### Exercise brief
Print out the entries from the line containing "Summer Knitted Short-sleeved" through the last line, exactly, and print nothing else. Pictures are not copied.

──────── Given records

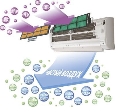 В корпусе кондиционера установлена пластина с турмалиновым покрытием, которая имеет дезодорирующие, стерилизующие свойства, а также способна излучать в ИК дальней области спектра. Отрицательные ионы генерируются постоянно. Даже если кондиционер выключен, он генерирует количество отрицательных ионов, равное концентрации ионов в лесном или морском воздухе.
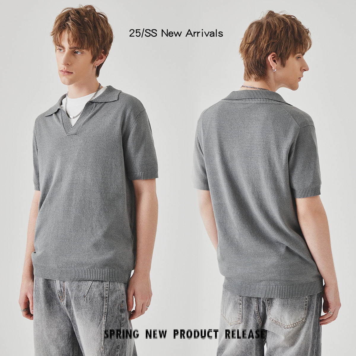 Summer Knitted Short-sleeved High-grade Solid Color Polo Collar Casual T-shirt
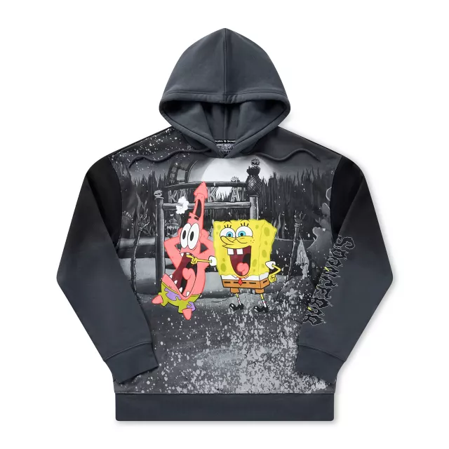 Dive into the dark side of Bikini Bottom with this adventure-ready hoodie! Featuring SpongeBob and Patrick against a haunting backdrop, this design is perfect for fans who love all things spooky. This oh-so-cozy hoodie is perfect for any fan looking to show off their fandom with the most iconic underwater duo.
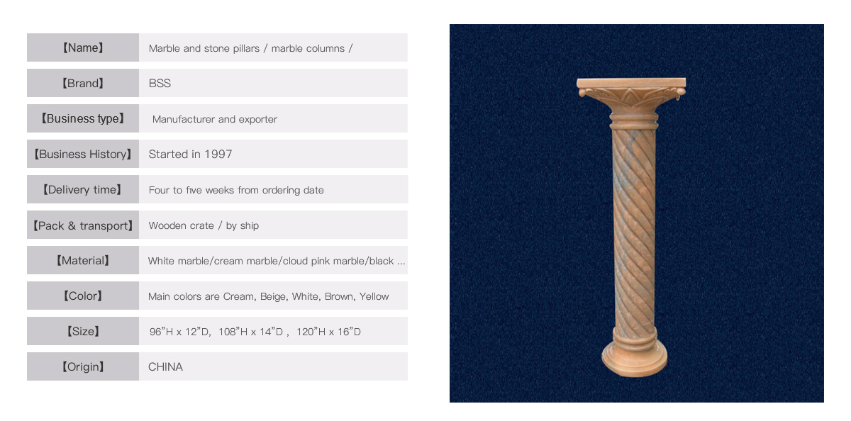 This beautiful column design is finely carved on top and twisted body in popular pink marble. The top is square design, body and base are round shape in three parts. Single unit can be easily handled by one person. The size is normally from 32” to 48” height which is mainly placed inside of house. Custom design can be made by us and delivery time is 2 weeks to ship.
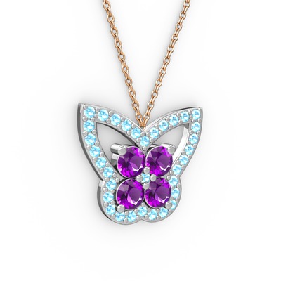 Akuamarin ve ametist 8 ayar beyaz altın kolye (40 cm rose altın rolo zincir)
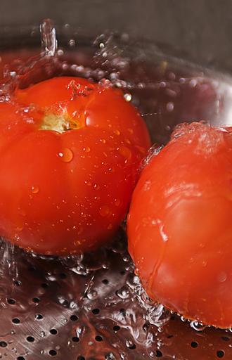 Keywords: Cleaning Cooking Food Fresh Healthy Kitchens Meals Red Ripe Tomatoes Vegetables Washing Water

────────────────

### Task answer
 Summer Knitted Short-sleeved High-grade Solid Color Polo Collar Casual T-shirt
 Dive into the dark side of Bikini Bottom with this adventure-ready hoodie! Featuring SpongeBob and Patrick against a haunting backdrop, this design is perfect for fans who love all things spooky. This oh-so-cozy hoodie is perfect for any fan looking to show off their fandom with the most iconic underwater duo.
 This beautiful column design is finely carved on top and twisted body in popular pink marble. The top is square design, body and base are round shape in three parts. Single unit can be easily handled by one person. The size is normally from 32” to 48” height which is mainly placed inside of house. Custom design can be made by us and delivery time is 2 weeks to ship.
 Akuamarin ve ametist 8 ayar beyaz altın kolye (40 cm rose altın rolo zincir)
 Keywords: Cleaning Cooking Food Fresh Healthy Kitchens Meals Red Ripe Tomatoes Vegetables Washing Water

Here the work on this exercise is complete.